* **Your task**: All of the entries below should be printed exactly; the pictures are to be left out.
=-=-=-=-=
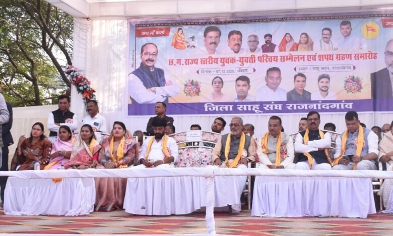 राजनांदगांव 07 दिसम्बर 2025/ उप मुख्यमंत्री अरूण साव साहू सदन राजनांदगांव में आयोजित साहू समाज के छत्तीसगढ़ राज्य स्तरीय युवक-युवती परिचय सम्मेलन एवं शपथ ग्रहण समारोह कार्यक्रम में शामिल हुए। इस अवसर पर उप मुख्यमंत्री श्री साव ने साहू सदन परिसर में मां कर्मा मंदिर जीर्णोद्धार और डोम शेड का लोकार्पण किया। श्री साव ने युवक-युवती परिचय सम्मेलन में शामिल होने वाले युवक-युवतियों को बधाई एवं शुभकामनाएं दी और उनके उज्ज्वल भविष्य की कामना की। कार्यक्रम में रायपुर ग्रामीण विधायक मोतीलाल साहू, कसडोल विधायक संदीप साहू, अध्यक्ष छत्तीसगढ़ तेलघानी बोर्ड जितेन्द्र साहू, उपाध्यक्ष जिला पंचायत किरण साहू, अध्यक्ष प्रदेश साहू संघ डॉ. नीरेन्द्र साहू, अध्यक्ष जिला साहू संघ भागवत साहू सहित जनप्रतिनिधि व साहू समाज के पदाधिकारीगण, बड़ी संख्या में साहू समाज के युवक-युवती व समाज के सदस्य उपस्थित थे।
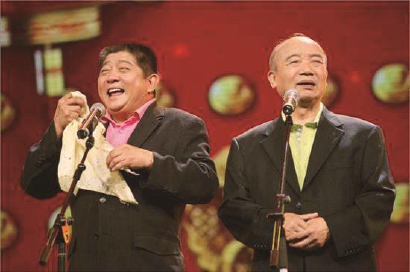 李九松(右)与王汝刚是长达40年的合作伙伴,在台上为观众奉献了许多节目。 (资料照片)
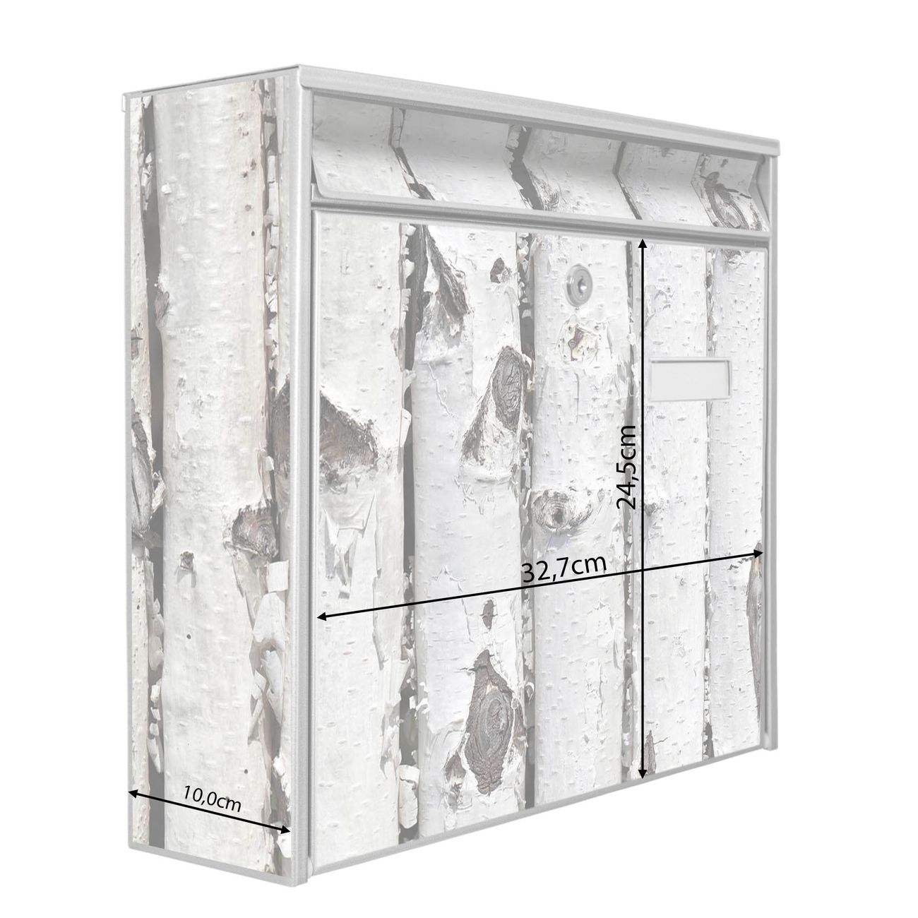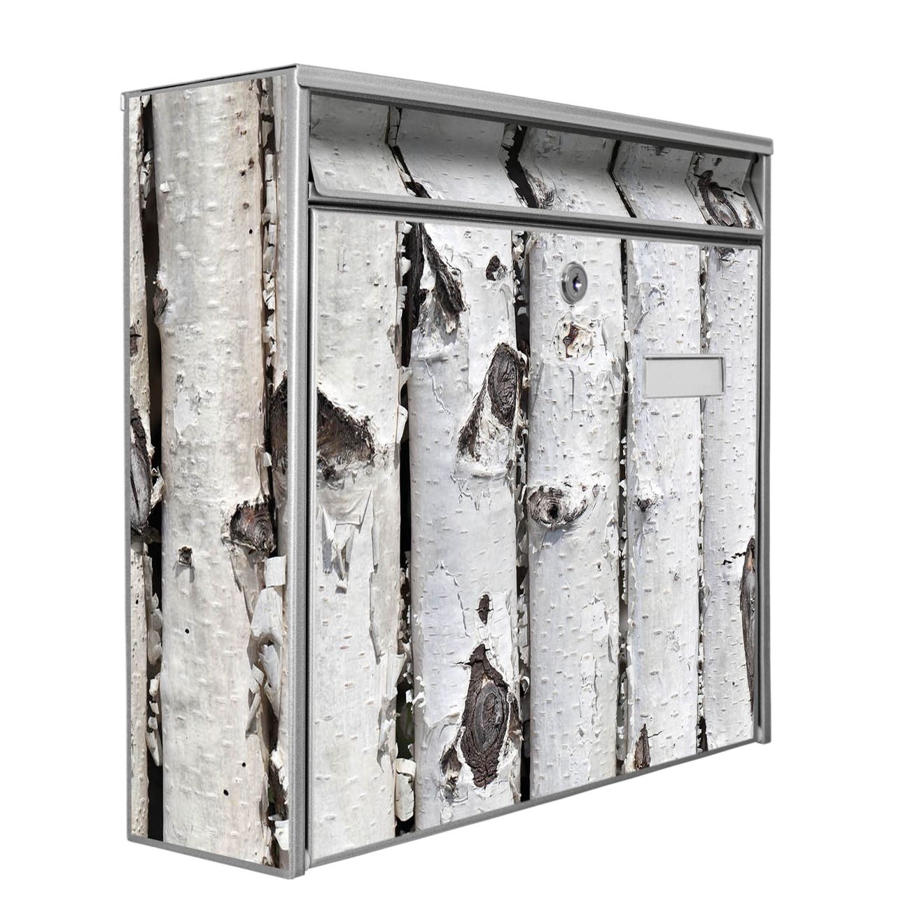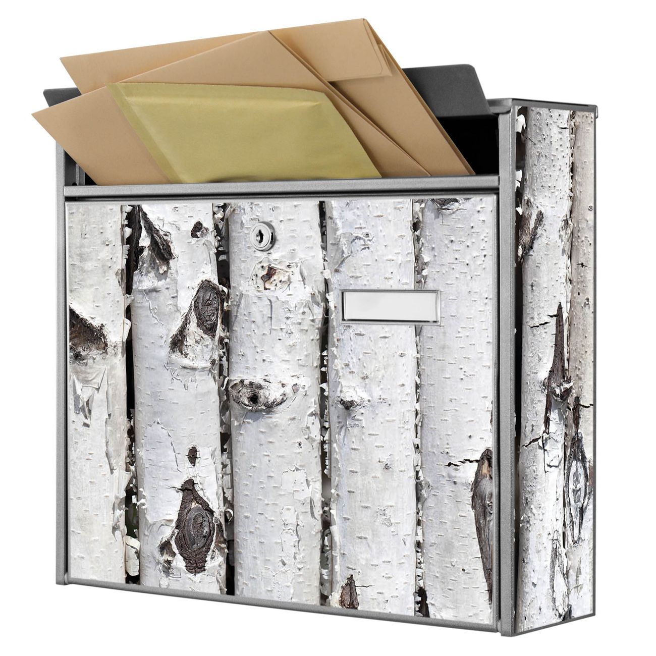 Der Burg Wächter Mail Briefkasten mit Motiv Birkenrinde bietet Ihnen mit seinem Fassungsvermögen genügend Platz auch für große A4 Sendungen. Auf Wunsch können Sie bei uns den passenden Standfuß kaufen und so aus dem Wandbriefkasten einen Standbriefkasten machen. Wir bieten Ihnen ebenfalls Namensschilder, bereits beschriftet oder frei zu beschriften, und verschiedene selbst gestaltete Bitte-Keine-Werbung-Aufkleber.
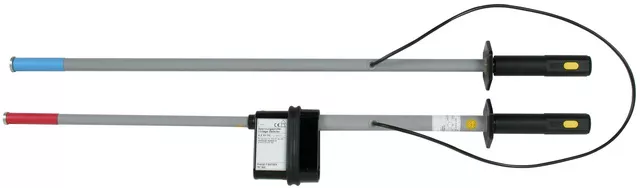 Rezystancyjny wskaźnik napięcia stałego PHE/G, dwa drążki, do rozdzielnic, biegun dodatni na głowicy pomiarowej, o zintegrowanej konstrukcji zgodny z DIN VDE 0682-411 (EN/IEC 61243-1) do wykrywania braku napięcia instalacji elektrycznych do 750 V DC poprzez zetknięcie w miejscu pracy zgodnie z DIN VDE 0105-100 (EN 50110-1). Można stosować także podczas opadów.
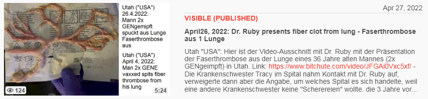 Video vom 27.4.2022: April26, 2022: Dr. Ruby presents fiber clot from lung - Faserthrombose aus 1 Lunge
=-=-=-=-=
* **Solution to this problem**:
 राजनांदगांव 07 दिसम्बर 2025/ उप मुख्यमंत्री अरूण साव साहू सदन राजनांदगांव में आयोजित साहू समाज के छत्तीसगढ़ राज्य स्तरीय युवक-युवती परिचय सम्मेलन एवं शपथ ग्रहण समारोह कार्यक्रम में शामिल हुए। इस अवसर पर उप मुख्यमंत्री श्री साव ने साहू सदन परिसर में मां कर्मा मंदिर जीर्णोद्धार और डोम शेड का लोकार्पण किया। श्री साव ने युवक-युवती परिचय सम्मेलन में शामिल होने वाले युवक-युवतियों को बधाई एवं शुभकामनाएं दी और उनके उज्ज्वल भविष्य की कामना की। कार्यक्रम में रायपुर ग्रामीण विधायक मोतीलाल साहू, कसडोल विधायक संदीप साहू, अध्यक्ष छत्तीसगढ़ तेलघानी बोर्ड जितेन्द्र साहू, उपाध्यक्ष जिला पंचायत किरण साहू, अध्यक्ष प्रदेश साहू संघ डॉ. नीरेन्द्र साहू, अध्यक्ष जिला साहू संघ भागवत साहू सहित जनप्रतिनिधि व साहू समाज के पदाधिकारीगण, बड़ी संख्या में साहू समाज के युवक-युवती व समाज के सदस्य उपस्थित थे।
 李九松(右)与王汝刚是长达40年的合作伙伴,在台上为观众奉献了许多节目。 (资料照片)
 Der Burg Wächter Mail Briefkasten mit Motiv Birkenrinde bietet Ihnen mit seinem Fassungsvermögen genügend Platz auch für große A4 Sendungen. Auf Wunsch können Sie bei uns den passenden Standfuß kaufen und so aus dem Wandbriefkasten einen Standbriefkasten machen. Wir bieten Ihnen ebenfalls Namensschilder, bereits beschriftet oder frei zu beschriften, und verschiedene selbst gestaltete Bitte-Keine-Werbung-Aufkleber.
 Rezystancyjny wskaźnik napięcia stałego PHE/G, dwa drążki, do rozdzielnic, biegun dodatni na głowicy pomiarowej, o zintegrowanej konstrukcji zgodny z DIN VDE 0682-411 (EN/IEC 61243-1) do wykrywania braku napięcia instalacji elektrycznych do 750 V DC poprzez zetknięcie w miejscu pracy zgodnie z DIN VDE 0105-100 (EN 50110-1). Można stosować także podczas opadów.
 Video vom 27.4.2022: April26, 2022: Dr. Ruby presents fiber clot from lung - Faserthrombose aus 1 Lunge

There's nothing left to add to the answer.